I work with lots of new moms, many of whom are struggling with postpartum depression and anxiety. However I was never trained on how to treat these moms during a pandemic. And these moms never learned in their prenatal classes how to bring baby home during a pandemic. Excited grandparents can't visit, friends can't stop by, older children can't go to daycare. The vision of maternity leave is totally shattered. Add on a newborn with health issues, or a partner with a demanding job, or breastfeeding struggles, or a tantrum-prone toddler and many of these women are pretty much on their own. Recovering with very little sleep, feeling more isolated than ever, all while having to care for a tiny screaming human.
For any new parent, you worry about the health of your baby. But for pandemic new parents this fear is very real. Moms are scared that the decision to let one support person see their baby could lead to catastrophic results. Moms are so torn and guilt ridden between trying to meet the needs of their infants but also themselves. They are shamed if they send an older sibling to daycare because they need a mental break. They are shamed by family members who say she's being overprotective. People judge her for going for a walk around the block either with or without her baby. She's judged for not loving every moment of being home. She's judged for bringing her baby to the pediatrician's office for a well visit. Who knew that the 2020 Pandemic would start a whole new layer of mommy wars?

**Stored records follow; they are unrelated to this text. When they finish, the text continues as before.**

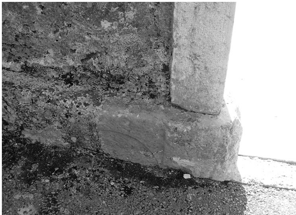
Slika 3. Fragment rimske stele u podnožju baroknog portala. Snimila Sanja Škrgatić 2012. god.

kojima su Rimljani željeli osigurati prijelaz duše iz ovog u zagrobni život. Dio tih običaja prenesen je i u kasnija razdoblja, pa je dio toga došao i do naših dana (Tomorad 2014). Pogrebne ceremonije trajale su više dana i uključivale su rodbinu, prijatelje i robove, a nekad su i razne udruge brinule o pogrebu svojih članova. Ukop pokojnika vršio se izvan grada uz javne putove, a postojala su dva načina ukopa: incineracijom (paljevinski ukop), prilikom kojega bi se tijelo pokojnika spalilo i zatim bi se pepeo i kosti smjestile u urnu koja bi se zakopala u zemlju, te inhumacijom (skeletni ukop) polaganjem pokojnika u grob. Sirotinja i robovi pokapali su se u zajedničke grobnice. Kod bogatijih građana i državnih dužnosnika devet dana nakon sprovoda priređivale su se borbe gladijatora. Iznad podzemnog dijela groba postavljao se spomenik s natpisom koji je kod bogatijih Rimljana pretvoren u građevinu – mauzolej.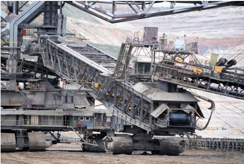
Tagebau Hambach: Absetzer 739, auf Raupenwagen abgestützter Zubringerausleger und Übergabevorrichtung von Bandschleifenwagen 944; Foto: 07.11.2022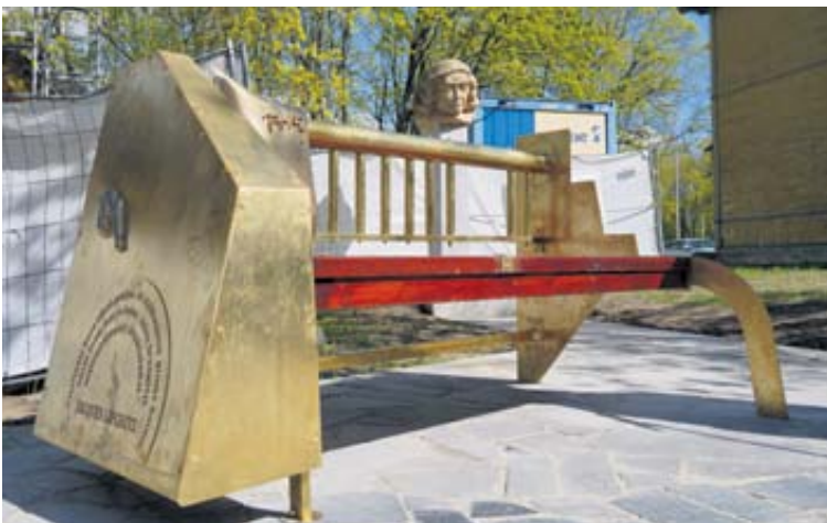
Ž. Lipšico atminimui skirtas sukurtas suolelis pastatytas prie Ž. Lipšico žydų muziejaus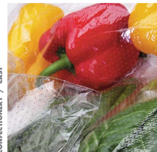
ORTAGGI / MACROFORATO VEGETABLES / MACROPERFORATED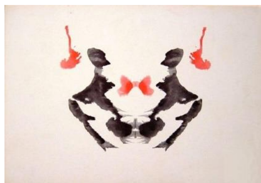
Gambar 1 dan 2

kartu bercak tinta ( inkblot ) dari tes Rorschach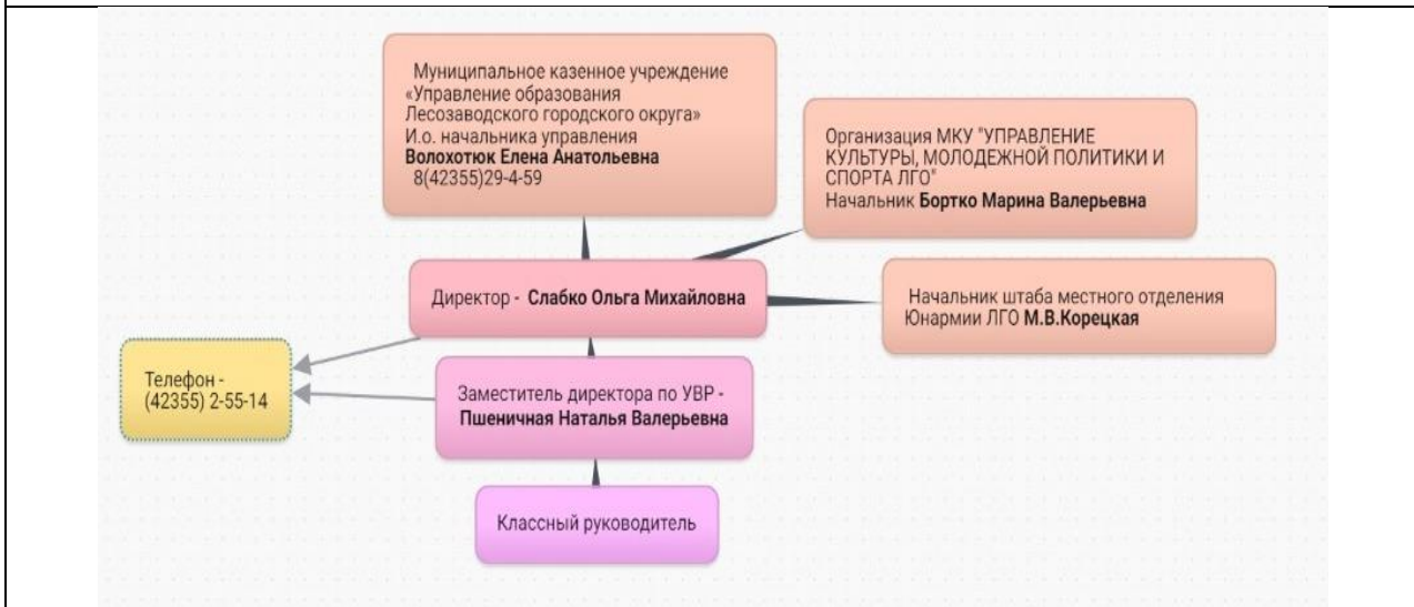
Рисунок 2 схема

Please stop the shaming people! Moms are doing the best they can for themselves and their families during this most challenging time. Her mental health is important and if that means sending a sibling to daycare or letting grandma come help, believe me, she isn't taking the risks lightly. Don't be so quick to judge her. Maybe instead, offer to help - send some meals, facetime her to check in, send her some flowers so she doesn't feel so alone.
What I tell my clients and want to tell new moms across the world:
Yes, this SUCKS.
No, it's not fair and you have been robbed of the experience you envisioned and deserve.
It's okay to admit this is really hard. Because it is. And it's okay to seek help.
You are RESILIENT. Even if you snapped at your toddler or husband. Even if you didn't manage to shower today. Even if you are feeling like you are failing. Because you aren't. In fact, when this is all through, you are going to have street cred that you survived caring for your newborn during a global pandemic. You are a rock star and a great mom. Promise.